Boulder Opal


Jelly Opal
Yowah Nut Opal Hyalite Precious Opal Opalite

Opal has been a popular gem for many centuries and has a very interesting structure. Opal is considered a mineraloid because this structure is not truly crystalline. The chemistry of Opal is primarily SiO2 and varying amounts of water. The amount of water varies from 5% to 10% and sometimes greater. This water can help geologists determine the temperature of the host rock at the time the opal formed.

Although there is no crystal structure, (meaning a regular arrangement of atoms) opal does possess a structure nonetheless. Random chains of silicon and oxygen are packed into extraordinarily tiny spheres. These spheres in most Opals are irregular in size and inconsistent in concentration. Yet in Precious Opal, the variety used most often in jewelry, there are many organized pockets of the spheres. These pockets contain spheres of approximately equal size and have a regular concentration, or structure, of the spheres. This has the effect of diffracting light at various wavelengths, creating colors. Each pocket produces a different color and with a different intensity, depending on the angle from which a viewer sees it. The multicolored flashes of light that Opal emits gives it a truly beautiful and valuable look. This effect is called a "play of light", and not "opalescence". The latter term describes the milky nature of the translucence of opal, and is more properly compared to the appearance of water to which a few drops of milk have been added.

The name opal probably is derived from the Sanskrit name for precious stone; upala. It has been mined for centuries, at least since Roman times when they extracted the opal from areas now within the Czech Republic. The Aztecs made use of local Mexican sources as did the Spaniards when they exported the material back to Europe. Today most precious opal comes from Australia with significant sources from Mexico and the Western United States.

Not all opal is so precious however. Common opal lacks opalescence, color or luster and is . . . after all . . . common.
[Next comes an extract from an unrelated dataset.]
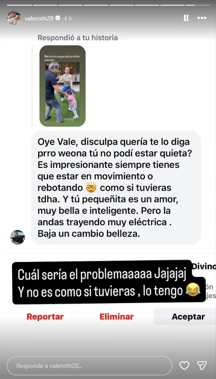 "Oye, Vale. Disculpa que te lo diga pero, ¿hue… tú no podí estar quieta? Es impresionante, siempre tienes que estar en movimiento o rebotando, como si tuvieras TDAH (Trastorno de déficit de atención con hiperactividad)”, escribió la mujer, tal como lo hizo ver Roth.

Opal is often imitated, forged and "enhanced". Fluorescence, while somewhat unreliable is a good method to determine authenticity.

Opal is the modern Birthstone for October.


  • Color is white, colorless, pale yellow, pale red, gray or black when impurities are common. Diffraction can cause flashes of any color of the rainbow (play of light).
  • Luster is vitreous to pearly.
  • Transparency: Specimens are transparent to translucent (opalescent).
  • Crystal System: Does not apply because opal is amorphous.
  • Habits include massive, cavity-fillings such as in fractures and geodes, nodular, reniform or as a replacement of other minerals and wood.
  • Cleavage is absent.
  • Fracture is conchoidal.
  • Hardness is 5.5 - 6
  • Specific Gravity is approximately 2 - 2.5 (light)
  • Streak is white.
  • Other Characteristics: Most specimens will fluoresce white or pale green, some phosphoresce and all specimens can be very sensitive to impacts and low temperatures.
  • Associated rocks are chert (a form of microcrystalline quartz), volcanic rocks and many others.
  • Notable Occurrences include many Western USA localities; Mexico; Australia; England; Czech Republic and many other localities around the world.
  • Best Field Indicators are color play & opalescence, low density, fluorescence, fracture filling tendency and lack of cleavage or crystal faces.